Provided information:

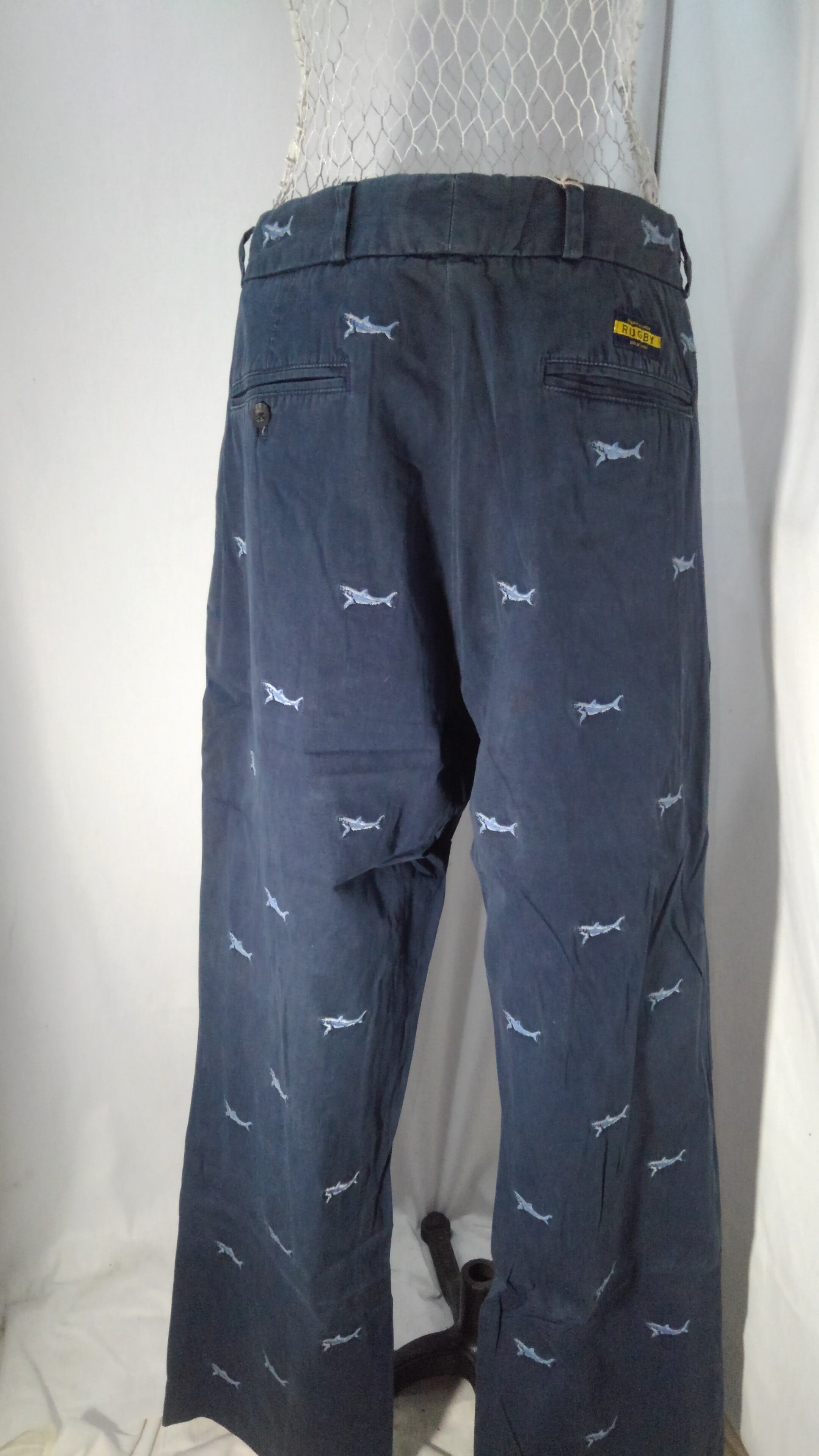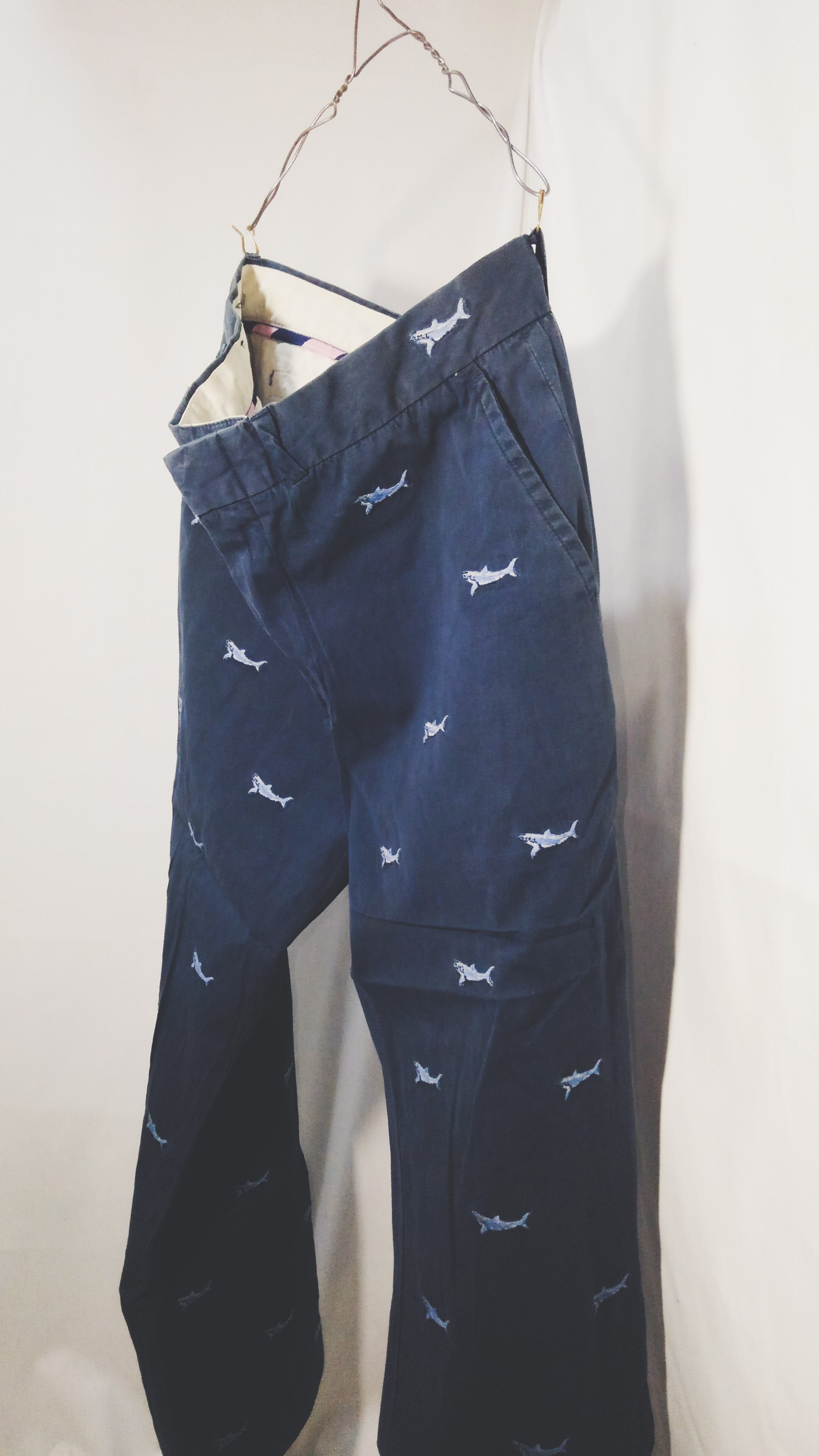 詳細は不明点ですが、サメの様なクジラの様な柄です。程よく使用感がありうっすら色褪せているあたりが、ビンテージアイテムとの相性がマッチしそうですね。
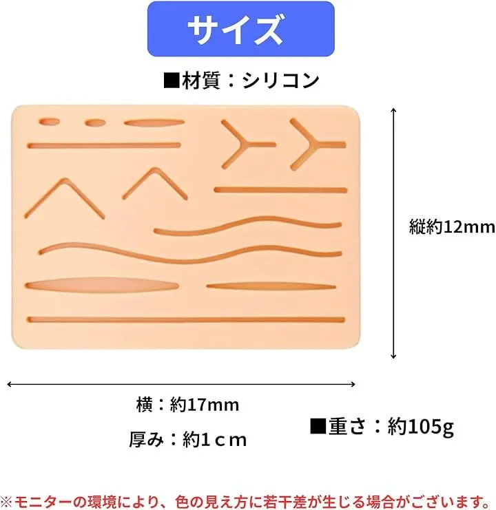 人工皮膚の深さや形状が多様で、現場レベルの縫合感をシリコンで再現。
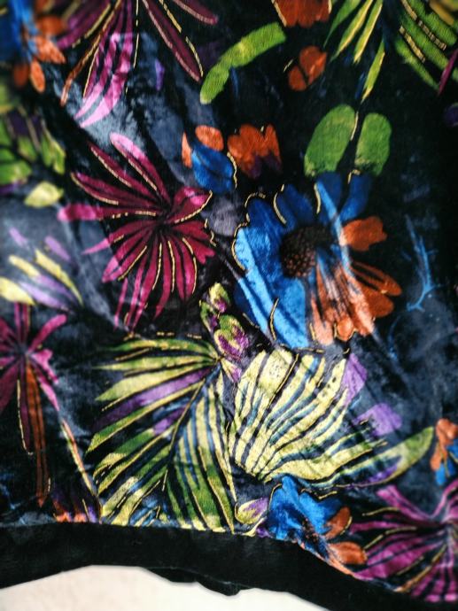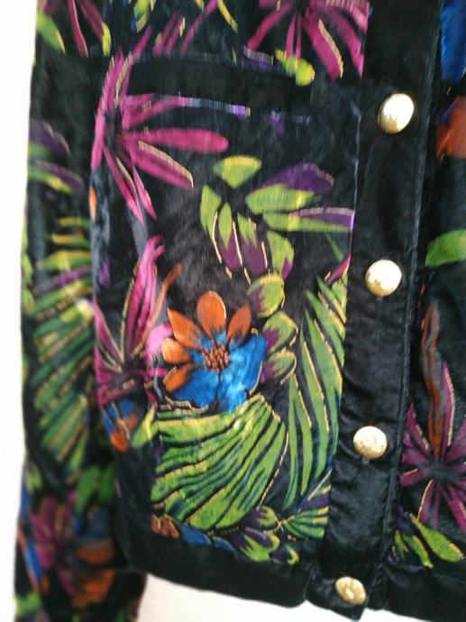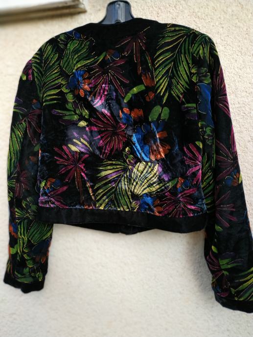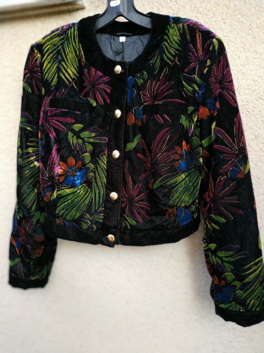 Jakna je bila pred časom samo kupljena in nikoli nošena. Ima videz gladkega žameta in cvetlični potisk., je podložena zelo lahka in prijetna na otip, ni raztegljiva in je zelo topla. Na zgornji sprednji strani ima dva žepa.
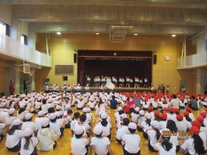 本日雨天のため、体育館で閉会式と応援合戦の練習をしました。
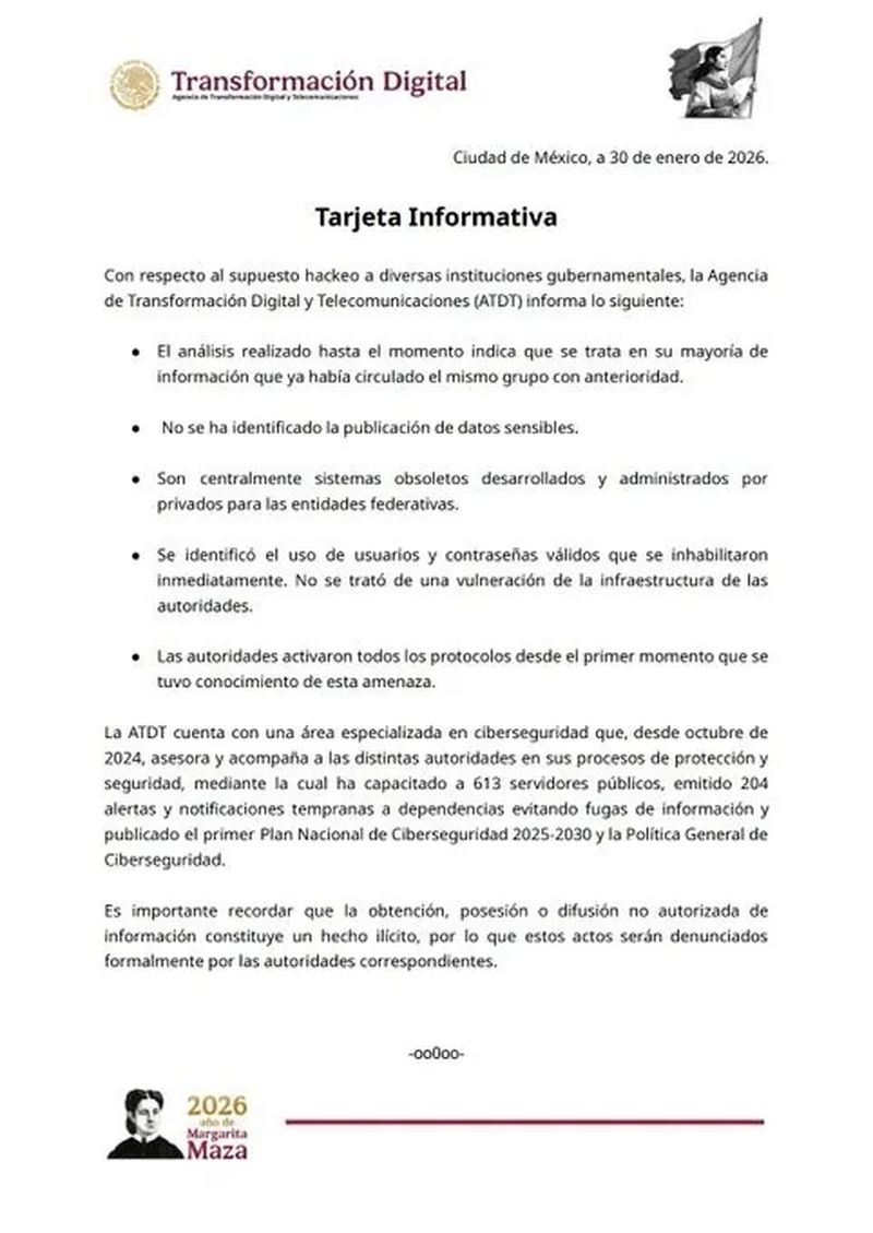 El Gobierno de México rechazó que se haya registrado una filtración de información sensible tras las versiones difundidas en redes sociales sobre un supuesto ciberataque a dependencias federales. La aclaración fue emitida por la Agencia de Transformación Digital y Telecomunicaciones (ATDT) mediante una tarjeta informativa.
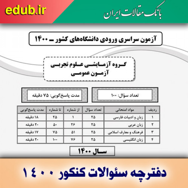 - دفترچه عمومی گروه آزمايشی علوم تجربی کنکور 1400

What you have to do: Beginning with the line that holds "本日雨天のため、体育館で閉会式と応援合戦の練習をしました。", output each line to the end of the material above, exactly, omitting the pictures.

Solution to this problem:
 本日雨天のため、体育館で閉会式と応援合戦の練習をしました。
 El Gobierno de México rechazó que se haya registrado una filtración de información sensible tras las versiones difundidas en redes sociales sobre un supuesto ciberataque a dependencias federales. La aclaración fue emitida por la Agencia de Transformación Digital y Telecomunicaciones (ATDT) mediante una tarjeta informativa.
 - دفترچه عمومی گروه آزمايشی علوم تجربی کنکور 1400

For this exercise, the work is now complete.